* What is being asked:
Below this line are records; write out exactly the lines from the one containing "Toshiba RBC-ASCU11-E Hotel-Kabelfernbedienung" through the one containing "Rēķina piemērs bez", with the pictures left out.

The data below:

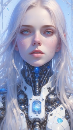 BJ_Cyber_albinism, 1girl, solo, long_hair, blue_eyes, closed_eyes, upper_body, parted_lips, lips, freckles, science_fiction, nose, android, mechanical_parts,photo,8k,intricate,highly detailed,majestic,digital photography,broken glass,(masterpiece, sidelighting, finely detailed beautiful eyes:1.2),hdr,realistic,high definition,. Dreamlike,mysterious,provocative,symbolic,intricate,detailed,<lora:SDXL_Cyber_albinism_V1:0.7>,
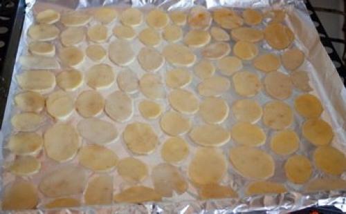 Картофель мы на ломтики толщиной 2-3 мм нарезаем. Кладем картофель в миску, добавляем 1 ст. л. оливкового масла, паприку, кайенский и черный перец. Солим и перемешиваем. Застилаем фольгой 2 противня. Фольгу смазываем оливковым маслом. В один слой укладываем картофельные ломтики
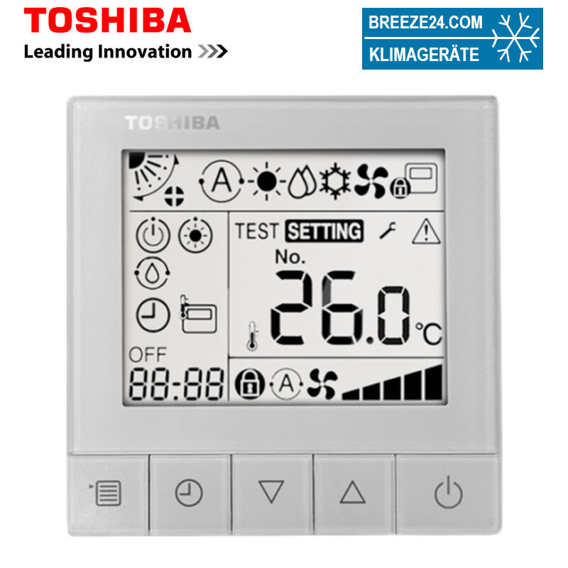 Toshiba RBC-ASCU11-E Hotel-Kabelfernbedienung mit großen Display.
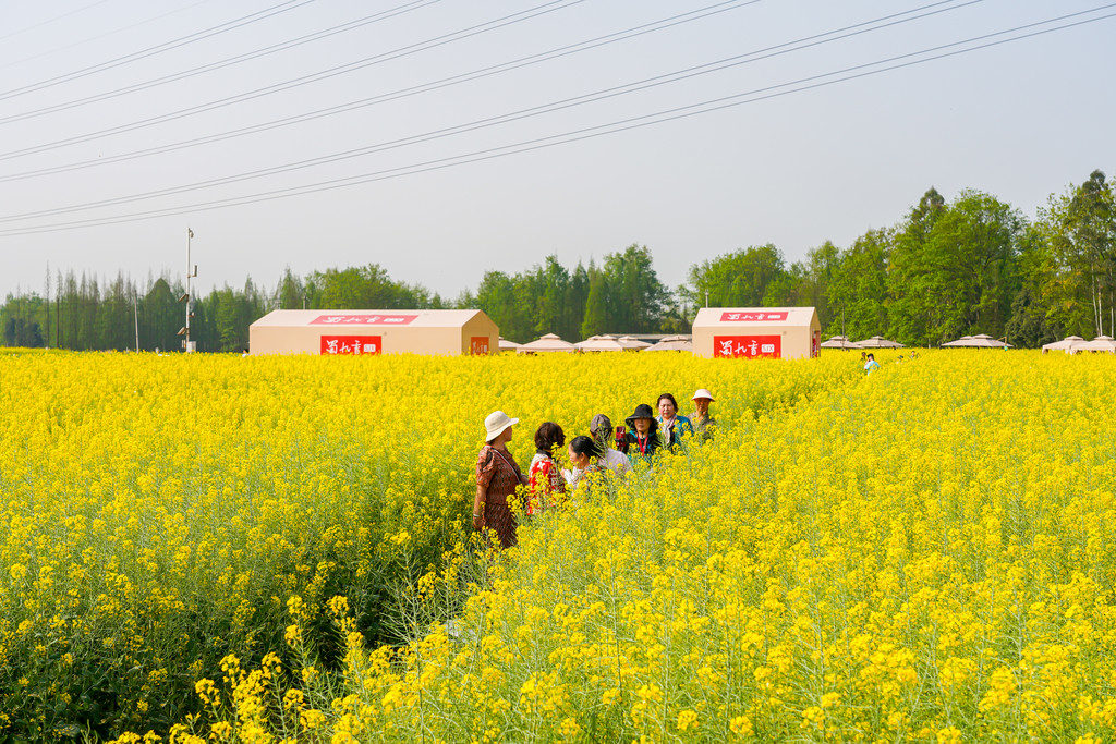 田园都市赏花节1号营地,这里是四川·崇州自驾赏花节的主要打卡地,超大面积的油菜花田中,还结合当地文化、融入了非遗元素和艺术主题,让油菜花田更加灵动起来
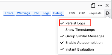 • Check the box for “Persist logs” to ensure the log is kept after page reloads.
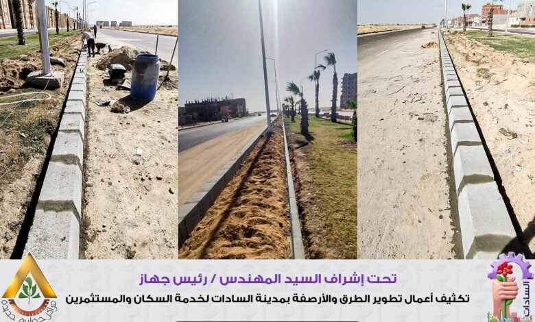 تحت إشراف المهندس محمد عادل أنور رئيس جهاز تنمية مدينة السادات وبمتابعة ميدانية من المهندس أسامة محمد سيد علي نائب رئيس الجهاز تواصل إدارة الطرق بالجهاز تنفيذ خطة تطوير ورفع كفاءة الطرق والميادين بمختلف أحياء المدينة ضمن جهود تحسين البنية التحتية ورفع مستوى الخدمات المقدمة للمواطنين والمستثمرين.
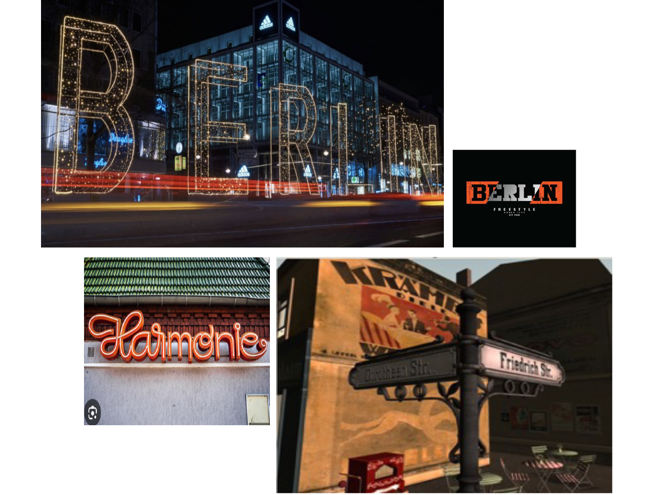 Berlin carries its history more visibly. Its visual language feels open, sometimes unfinished, often experimental. Old and new exist side by side, not always in harmony, but in conversation. Typography and signage lean toward expression, shaped as much by reinvention as by tradition.
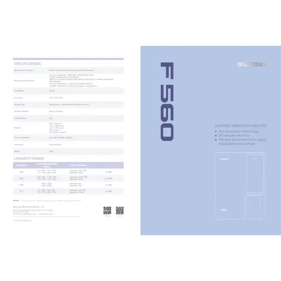F 560 Automatic Hematology Analyzer combines core technology with a compact frame. Superior performance and whole course quality management can fully meet the requirements of clinical labs.
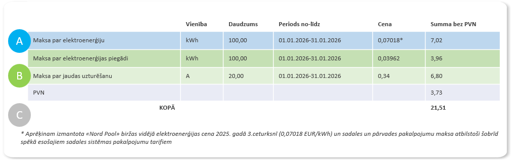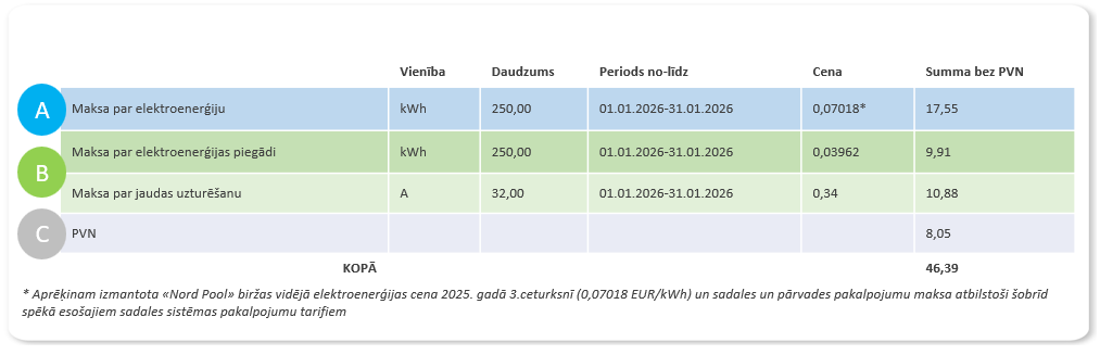 Rēķina piemērs bez valsts atbalsta (pieslēguma tehniskie parametri: 1 fāze 32 A)
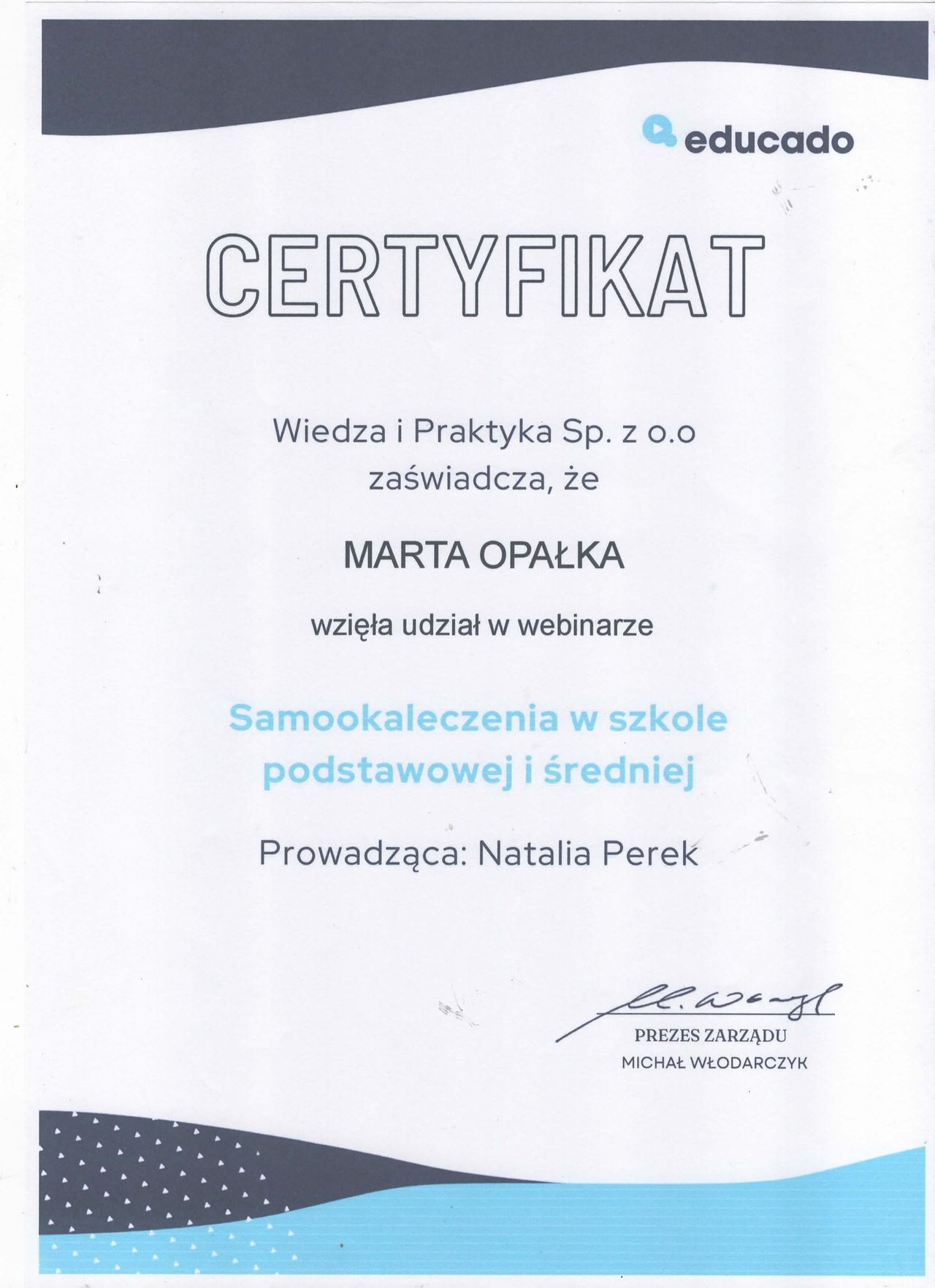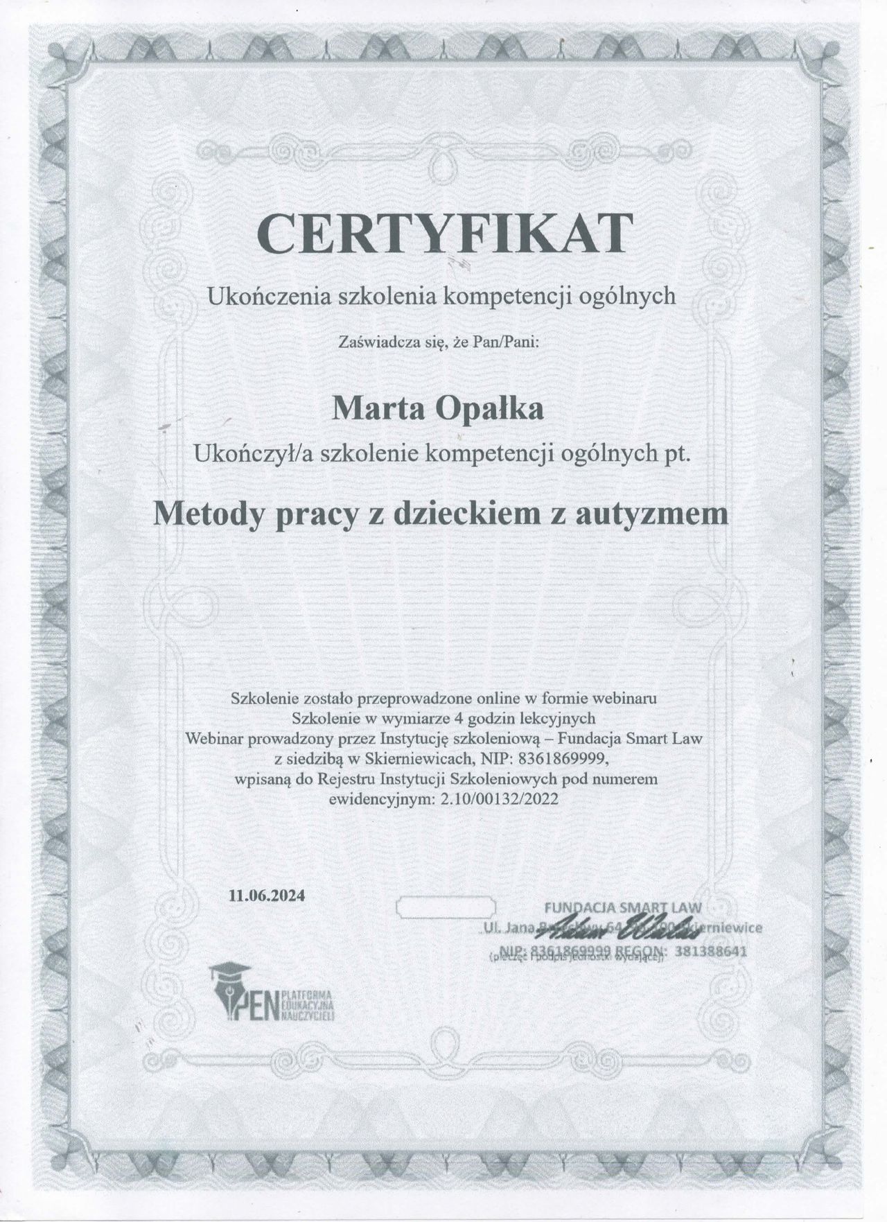 Czy Marta Opałka przyjmuje online, bez konieczności pojawiania się w placówce?Tak, Marta Opałka oferuje konsultacje online. Wybierz opcję „konsultacja online” przy umawianiu wizyty, a zobaczysz dostępne terminy.

End of The data.

* Exercise solution:
 Toshiba RBC-ASCU11-E Hotel-Kabelfernbedienung mit großen Display.
 田园都市赏花节1号营地,这里是四川·崇州自驾赏花节的主要打卡地,超大面积的油菜花田中,还结合当地文化、融入了非遗元素和艺术主题,让油菜花田更加灵动起来
 • Check the box for “Persist logs” to ensure the log is kept after page reloads.
 تحت إشراف المهندس محمد عادل أنور رئيس جهاز تنمية مدينة السادات وبمتابعة ميدانية من المهندس أسامة محمد سيد علي نائب رئيس الجهاز تواصل إدارة الطرق بالجهاز تنفيذ خطة تطوير ورفع كفاءة الطرق والميادين بمختلف أحياء المدينة ضمن جهود تحسين البنية التحتية ورفع مستوى الخدمات المقدمة للمواطنين والمستثمرين.
 Berlin carries its history more visibly. Its visual language feels open, sometimes unfinished, often experimental. Old and new exist side by side, not always in harmony, but in conversation. Typography and signage lean toward expression, shaped as much by reinvention as by tradition.
F 560 Automatic Hematology Analyzer combines core technology with a compact frame. Superior performance and whole course quality management can fully meet the requirements of clinical labs.
 Rēķina piemērs bez valsts atbalsta (pieslēguma tehniskie parametri: 1 fāze 32 A)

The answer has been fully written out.